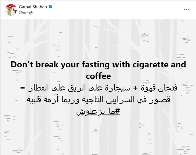 وعن قصور الشريان التاجي، كتب الدكتور جمال شعبان تدوينة، عبر حسابه بالفيس بوك، قال فيها: ""Don’t break your fasting with cigarette and coffee فنجان قهوة + سيجارة علي الريق علي الفطار = قصور في الشرايين التاجية وربما أزمة قلبية #ما_تزعلوش"
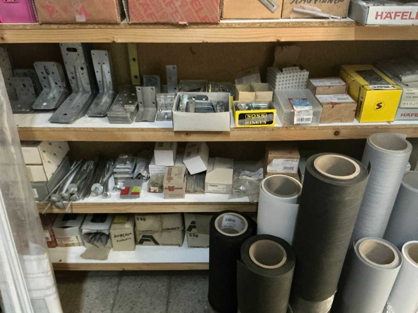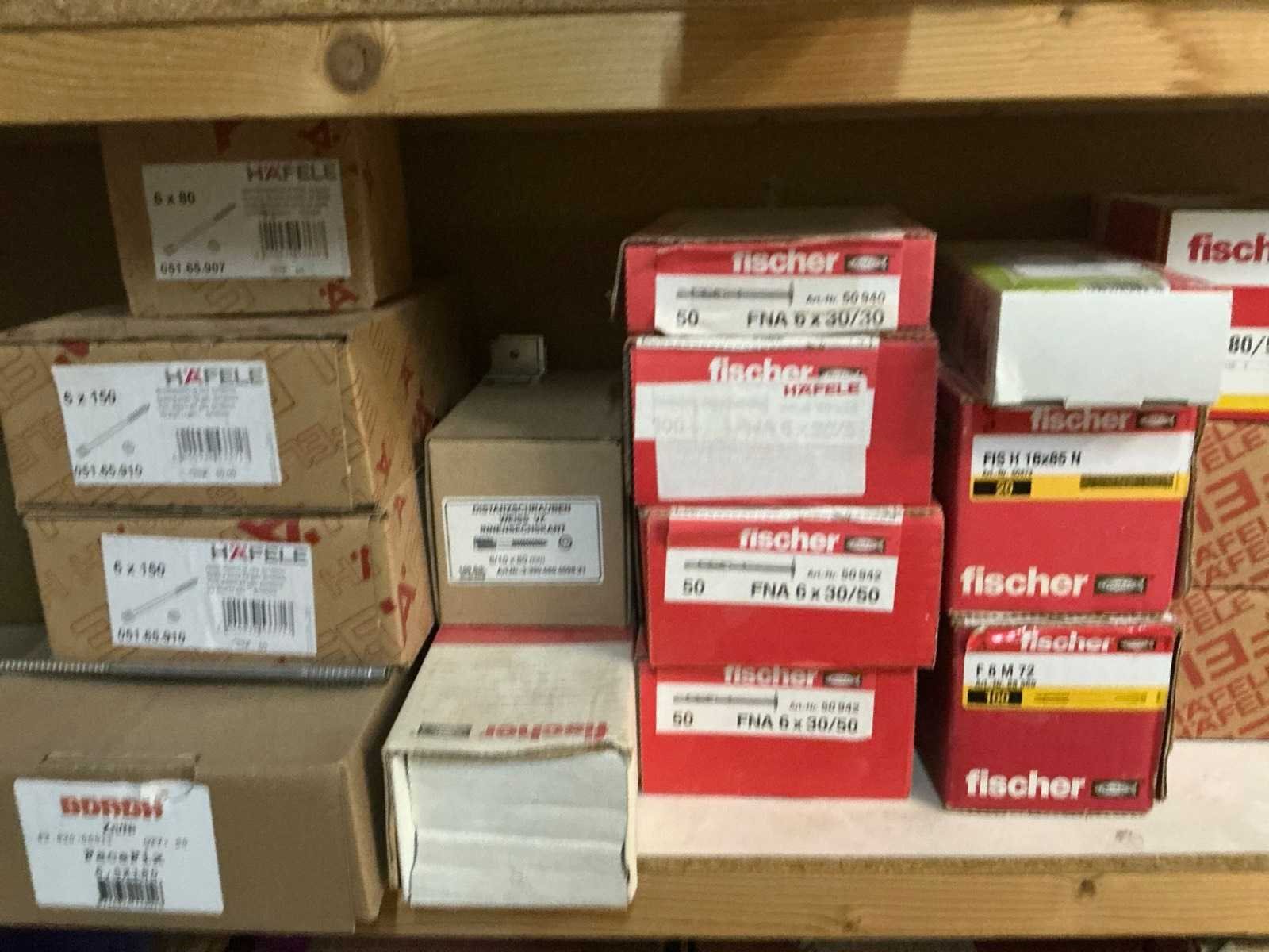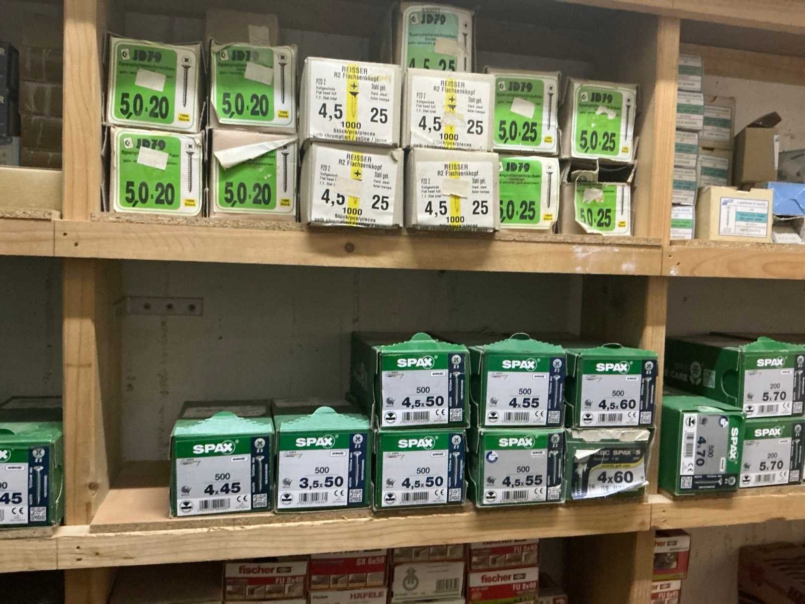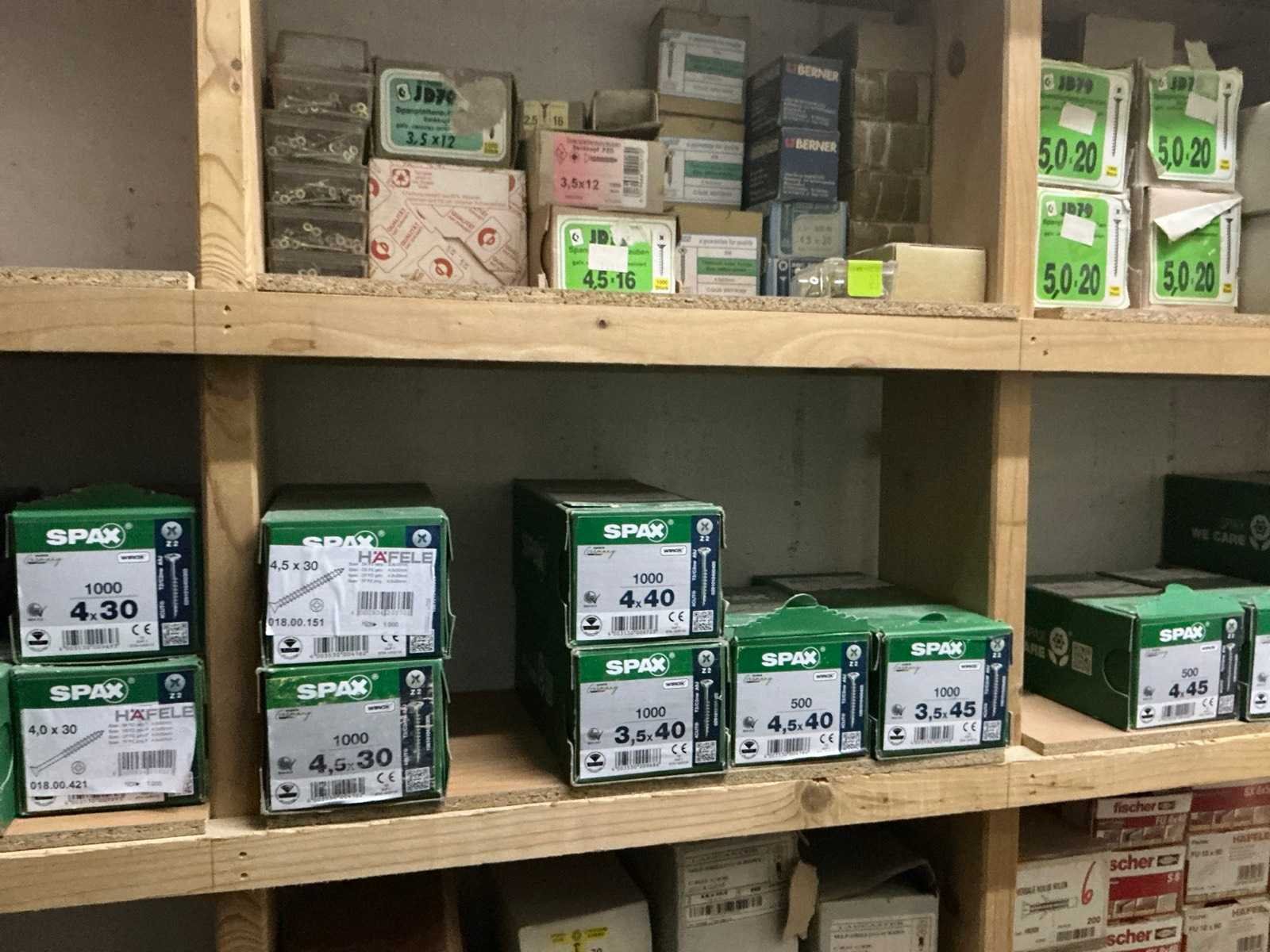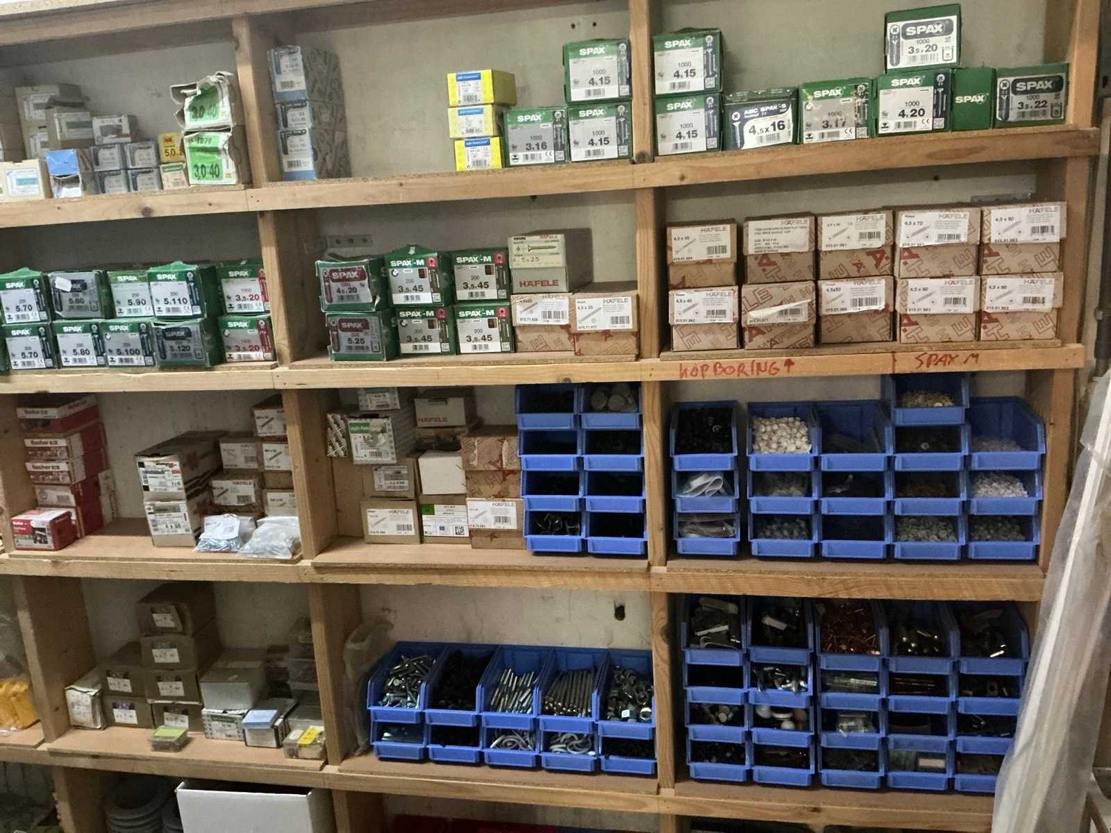 Waaronder Spax, Fischer, Häfele, PGB-fasteners en Mungo, Waaronder bouten, moeren, schroeven, rondellen, slagpluggen, plaketten en verbindingshoeken, scharnieren, handgrepen en ladegeleiders, Liggende in originele doosjes en pvc sorteerbakjes in ca 8 lm divers opbergrek voorzien van 5 niveaus, Zonder opbergrekken, Afgifte volgens aanwijzing. Nee Type: Partij
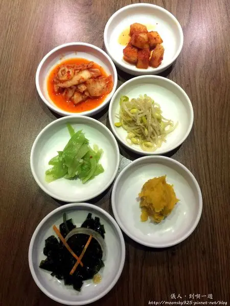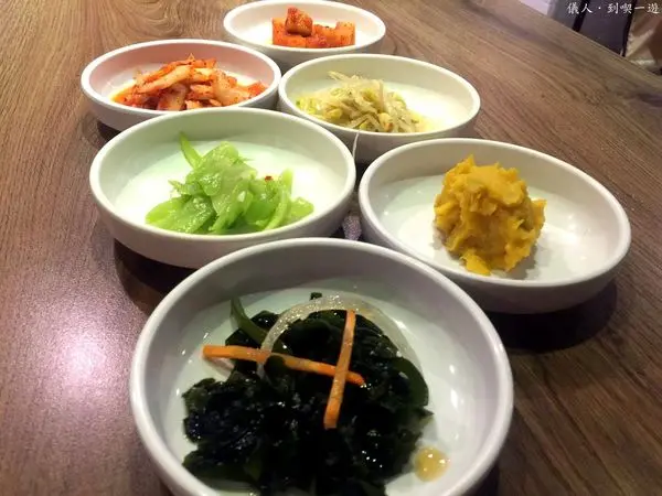 一桌均附六樣小菜,有海帶、南瓜泥、泡菜.....等,

··········

### TASK BRIEF
Once the pictures are set aside, give the rest of the listing again exactly.

### TASK RESPONSE
 وعن قصور الشريان التاجي، كتب الدكتور جمال شعبان تدوينة، عبر حسابه بالفيس بوك، قال فيها: ""Don’t break your fasting with cigarette and coffee فنجان قهوة + سيجارة علي الريق علي الفطار = قصور في الشرايين التاجية وربما أزمة قلبية #ما_تزعلوش"
 Waaronder Spax, Fischer, Häfele, PGB-fasteners en Mungo, Waaronder bouten, moeren, schroeven, rondellen, slagpluggen, plaketten en verbindingshoeken, scharnieren, handgrepen en ladegeleiders, Liggende in originele doosjes en pvc sorteerbakjes in ca 8 lm divers opbergrek voorzien van 5 niveaus, Zonder opbergrekken, Afgifte volgens aanwijzing. Nee Type: Partij
 一桌均附六樣小菜,有海帶、南瓜泥、泡菜.....等,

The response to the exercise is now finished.